An empirical value represented by a distribution estimated from actual data.

Fields

  • distribution: The UnivariateKDE estimate for the distribution of values.
  • values: The values from which distribution is estimated.
  • range: The values for which the pdf is estimated.
  • pdf: The values of the pdf at each point in range.
source

Examples

using Distributions, UncertainData

# Create a normal distribution
d = Normal()

# Draw a 1000-point sample from the distribution.
some_sample = rand(d, 1000)

# Use the implicit KDE constructor to create the uncertain value
uv = UncertainValue(v::Vector)
using Distributions, UncertainData, KernelDensity

# Create a normal distribution
d = Normal()

# Draw a 1000-point sample from the distribution.
some_sample = rand(d, 1000)

# Use the explicit KDE constructor to create the uncertain value.
# This constructor follows the same convention as when fitting distributions
# to empirical data, so this is the recommended way to construct KDE estimates.
uv = UncertainValue(UnivariateKDE, v::Vector)
using Distributions, UncertainData, KernelDensity

# Create a normal distribution
d = Normal()

# Draw a 1000-point sample from the distribution.
some_sample = rand(d, 1000)

# Use the explicit KDE constructor to create the uncertain value, specifying
# that we want to use normal distributions as the kernel.
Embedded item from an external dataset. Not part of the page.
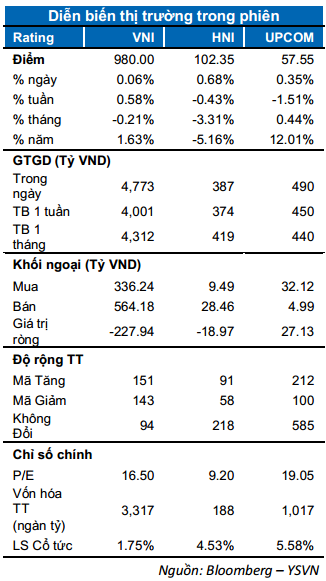 Thị trường chứng khoán Việt Nam có phiên giao dịch cuối tuần “vui nhưng không trọn vẹn” khi VN-Index có lúc tăng mạnh gần 10 điểm nhưng xóa bỏ gần hết thành quả về cuối phiên. VN-Index đóng cửa chỉ còn tăng 0.06% dừng tại 980 điểm trong khi chỉ số HNX-Index tăng khá hơn với mức tăng 0.67% dừng tại 102.35 điểm, chỉ số Upcom-Index tăng 0.34% neo tại 57.55 điểm. Thanh khoản tăng khá mạnh trên sàn HOSE nhờ dòng tiền tham gia vào cổ phiếu trong rổ VN30-Index.

The kernel can be
# any valid kernel from Distributions.jl, and the default is to use normal
# distributions.
uv = UncertainValue(UnivariateKDE, v::Vector; kernel = Normal)
using Distributions, UncertainData, KernelDensity

# Create a normal distribution
d = Normal()

# Draw a 1000-point sample from the distribution.
some_sample = rand(d, 1000)

# Use the explicit KDE constructor to create the uncertain value, specifying
# the number of points we want to use for the kernel density estimate. Fast
# Fourier transforms are used behind the scenes, so the number of points
# should be a power of 2 (the default is 2048 points).
uv = UncertainValue(UnivariateKDE, v::Vector; npoints = 1024)

Extended example

Let's create a bimodal distribution, then sample 10000 values from it.

using Distributions

n1 = Normal(-3.0, 1.2)
n2 = Normal(8.0, 1.2)
n3 = Normal(0.0, 2.5)

# Use a mixture model to create a bimodal distribution
M = MixtureModel([n1, n2, n3])

# Sample the mixture model.
samples_empirical = rand(M, Int(1e4));

It is not obvious which distribution to fit to such data.

A kernel density estimate, however, will always be a decent representation of the data, because it doesn't follow a specific distribution and adapts to the data values.

To create a kernel density estimate, simply call the UncertainValue(v::Vector{Number}) constructor with a vector containing the sample:

uv = UncertainValue(samples_empirical)

The plot below compares the empirical histogram (here represented as a density plot) with our kernel density estimate.

using Plots, StatPlots, UncertainData
uv = UncertainValue(samples_empirical)
density(mvals, label = "10000 mixture model (M) samples")
density!(rand(uv, Int(1e4)),
    label = "10000 samples from KDE estimate to M")
xlabel!("data value")
ylabel!("probability density")

Constructor

UncertainData.UncertainValues.UncertainValueMethod
UncertainValue(data::Vector{T};
    kernel::Type{D} = Normal,
    npoints::Int=2048) where {D <: Distributions.Distribution, T}

Construct an uncertain value by a kernel density estimate to data.

Fast Fourier transforms are used in the kernel density estimation, so the number of points should be a power of 2 (default = 2048).

source

Additional keyword arguments and examples

If the only argument to the UncertainValue constructor is a vector of values, the default behaviour is to represent the distribution by a kernel density estimate (KDE), i.e. UncertainValue(data). Gaussian kernels are used by default. The syntax UncertainValue(UnivariateKDE, data) will also work if KernelDensity.jl is loaded.